Question

The F\(_1\) hybrid (Rr Ii) is crossed with a variety double recessive for both the traits. How many types of zygotes will be produced in the cross?

• A. 1
• B. 2
• C. 3
• D. 4

Hint:

In a test cross, the number of resulting phenotypes and genotypes is determined solely by the number of different gametes the heterozygous parent can produce. For a dihybrid cross (2 heterozygous pairs), it's always 4. For a trihybrid, it would be \(2^3 = 8\).

Answer 1

The Correct Option is D

Step 1: Understanding the Concept:
The question describes a dihybrid test cross. A test cross involves crossing an individual with a dominant phenotype (but unknown genotype, here given as heterozygous RrIi) with a homozygous recessive individual (rrii) to determine the genotype of the former.
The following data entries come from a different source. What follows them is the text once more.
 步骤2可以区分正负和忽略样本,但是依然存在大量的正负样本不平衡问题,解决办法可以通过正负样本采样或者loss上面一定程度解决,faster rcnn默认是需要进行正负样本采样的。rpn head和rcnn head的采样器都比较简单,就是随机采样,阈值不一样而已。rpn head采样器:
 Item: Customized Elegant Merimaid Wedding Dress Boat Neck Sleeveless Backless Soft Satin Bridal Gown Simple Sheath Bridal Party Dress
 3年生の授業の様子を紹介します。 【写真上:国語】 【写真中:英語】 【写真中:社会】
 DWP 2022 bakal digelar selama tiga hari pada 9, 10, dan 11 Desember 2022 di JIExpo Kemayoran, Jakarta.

The number of zygote types produced is equal to the number of different gamete types produced by the heterozygous parent.
Step 2: Key Formula or Approach:
The number of different gamete types produced by an individual is given by the formula \(2^n\), where \(n\) is the number of heterozygous gene pairs. The number of zygote types in a test cross is equal to the number of gamete types from the heterozygous parent.
Step 3: Detailed Explanation:
The cross is: RrIi \(\times\) rrii


Gametes from the F\(_1\) hybrid (RrIi): This individual is heterozygous for two gene pairs (\(n=2\)). According to the law of independent assortment, it will produce \(2^2 = 4\) types of gametes in equal proportions: RI, Ri, rI, and ri.
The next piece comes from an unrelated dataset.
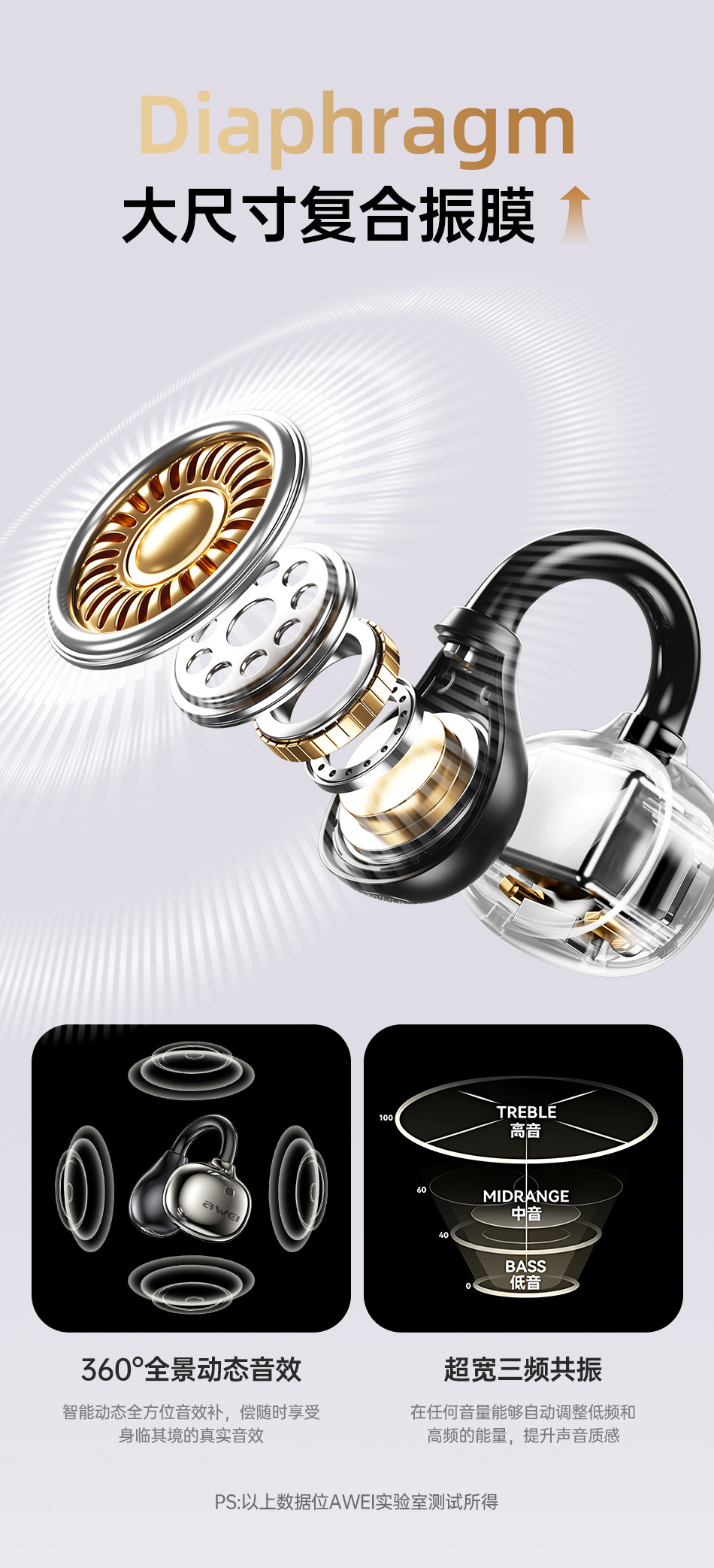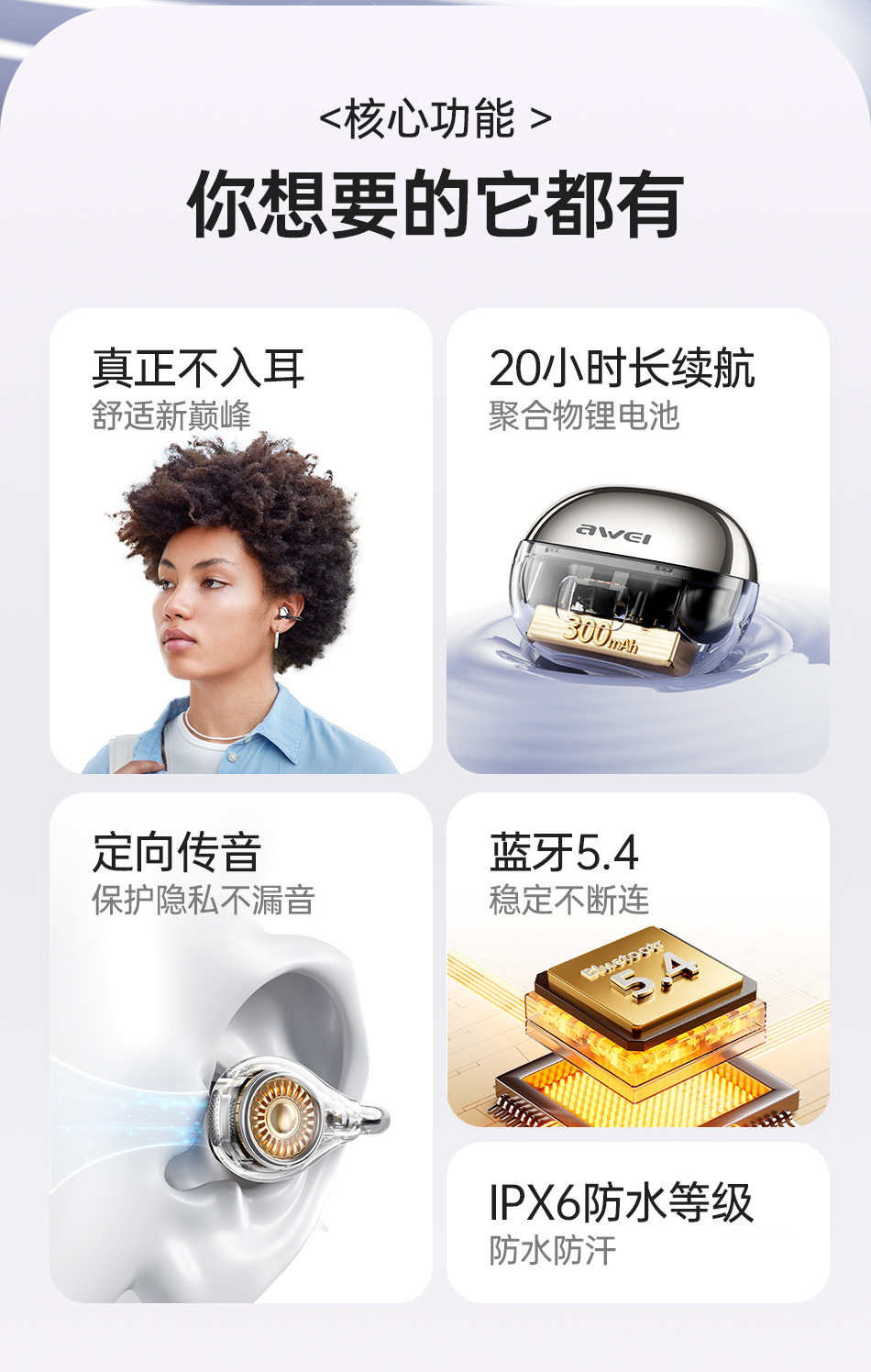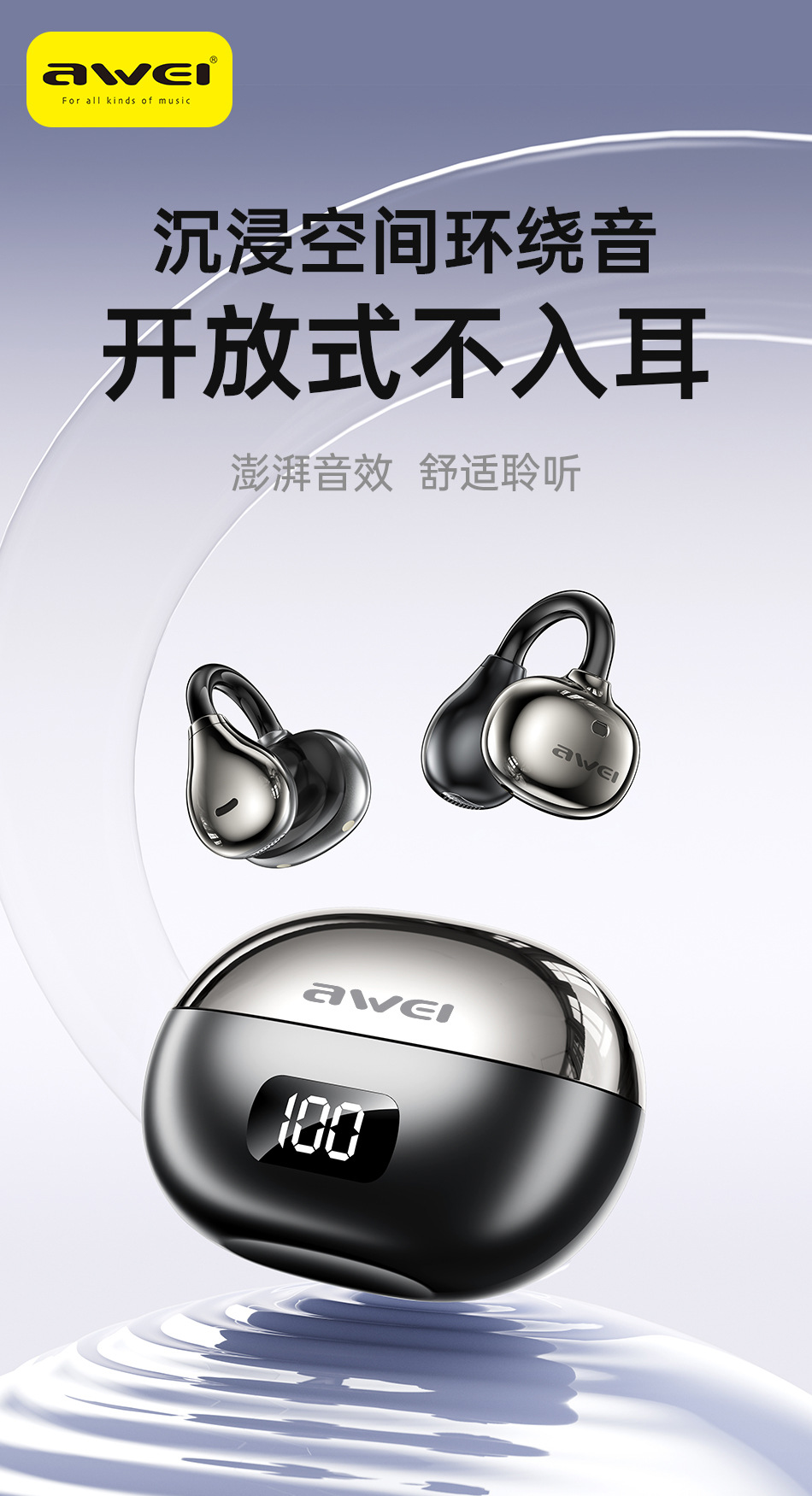 아웨이 블루투스 무선 이어폰 클립형 OWS 공기전도 방수 스포츠 피트니스 화창북 이어폰
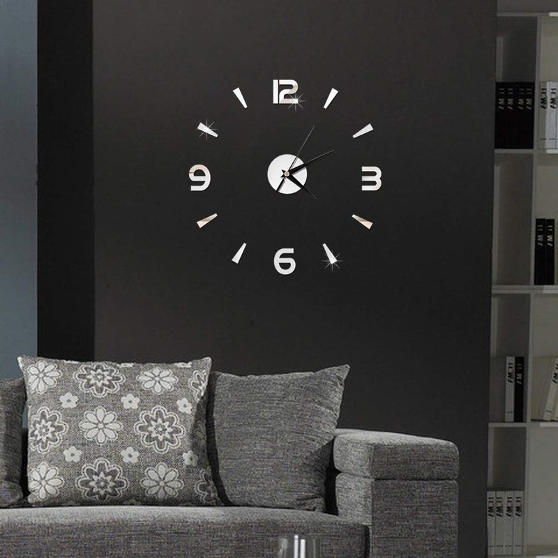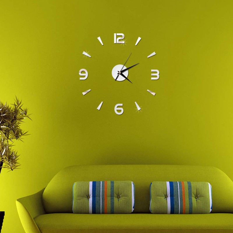 WGFOIP Stylish 3D Frameless DIY Wall Clocks with Acrylic Mirror Stickers Wall Decor for Modern Homes (Silver)

Gametes from the double recessive parent (rrii): This individual is homozygous for both gene pairs and can only produce one type of gamete: ri.

Formation of zygotes: When the gametes combine, the following zygotes are formed:

RI + ri \(\rightarrow\) RrIi
Ri + ri \(\rightarrow\) Rrii
rI + ri \(\rightarrow\) rrIi
ri + ri \(\rightarrow\) rrii

Step 4: Final Answer:
There are four genetically distinct types of zygotes produced in this cross.